On July 13, 1964, Ross Hill commenced in the southwest district of the superior court his action for $200,000 damages against Fred Howland Company, Inc., a corporation, and Morley Construction Company, a corporation, and others identified by fictitious names. The alleged injury had occurred July 15, 1963, while Hill was working as a pipefitter, employed by J. Carner Company, a subcontractor in the construction of a large building. Howland was the project manager, Morley was a contractor also engaged in the project, and The Kratter Corporation, later served as Doe I, was the owner of the premises. The insurance carrier for J. Carner Company, which had paid workmen's compensation benefits to Hill amounting to $23,995.68, filed a claim of lien in this amount.

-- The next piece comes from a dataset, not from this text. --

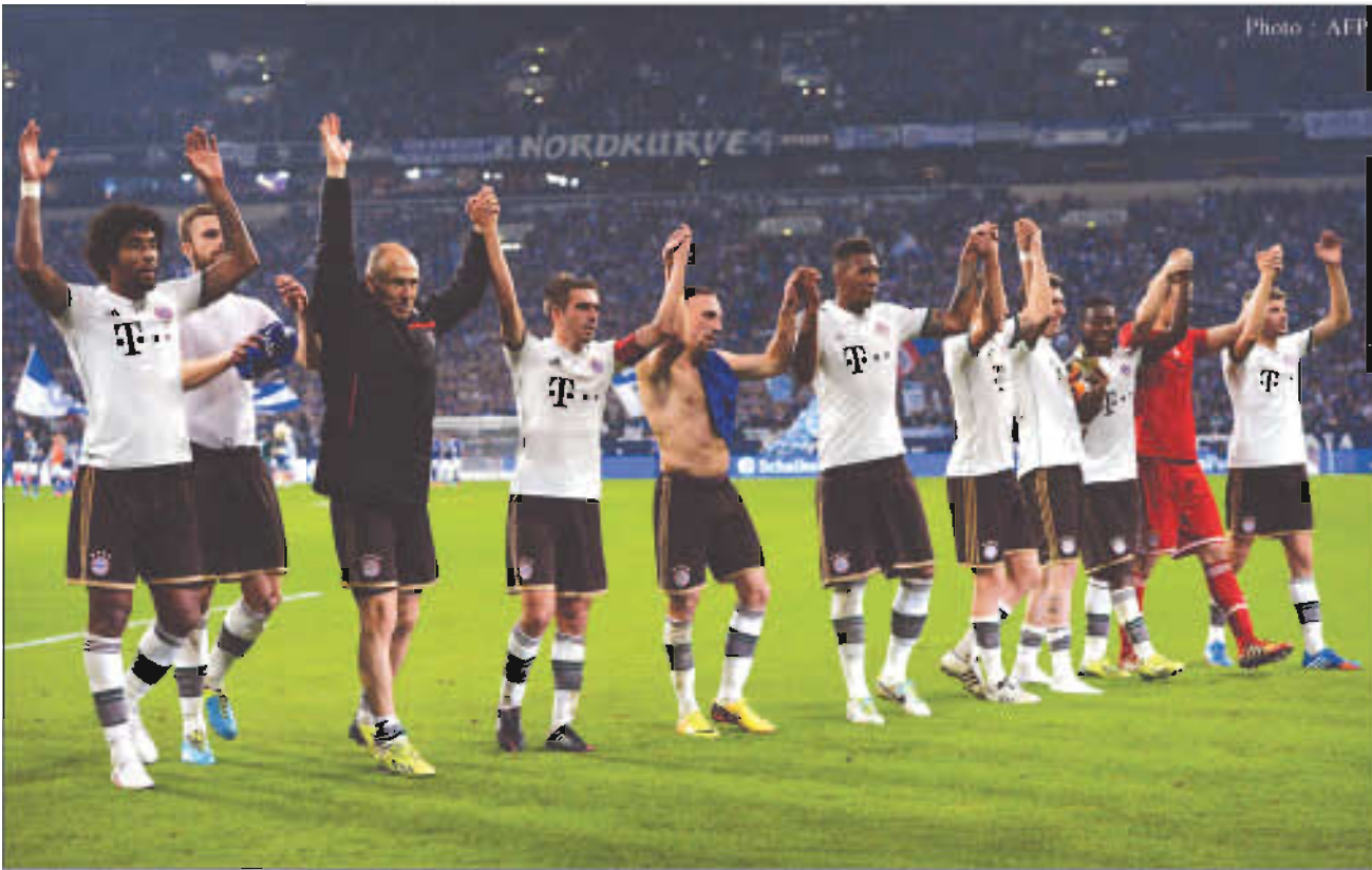
ရှေ့လှမ်းကင်းမဲ့စွာ ဂိုးပြတ်အနိုင်ရပြီးနောက် အောင်ပွဲခံနေသည့် ဘောယန်မြို့နယ်အသင်းသားများ

ဘွန် ဒစ် လီ ဂါ ပွဲ စဉ် (၆) သုံး သပ် ချက်

On August 11 an answer was filed on behalf of Morley, through the law firm of Dryden, Harrington, Horgan & Swartz. On August 14 the Dryden office answered on behalf of Howland. Each answer denied that the answering defendant was negligent and pleaded as affirmative defenses the plaintiff's contributory negligence, plaintiff's assumption of risk and, as a pro tanto defense against the lien claimant, that plaintiff's employer had been contributorily negligent.

On May 11, 1965, Hill's attorneys served a single set of interrogatories to be answered by Howland, Morley and Kratter. Kratter, appearing through attorneys Schell & Delamer, filed its answers to interrogatories on June 16, 1955. The Dryden office filed answers for Morley on July 15, 1965.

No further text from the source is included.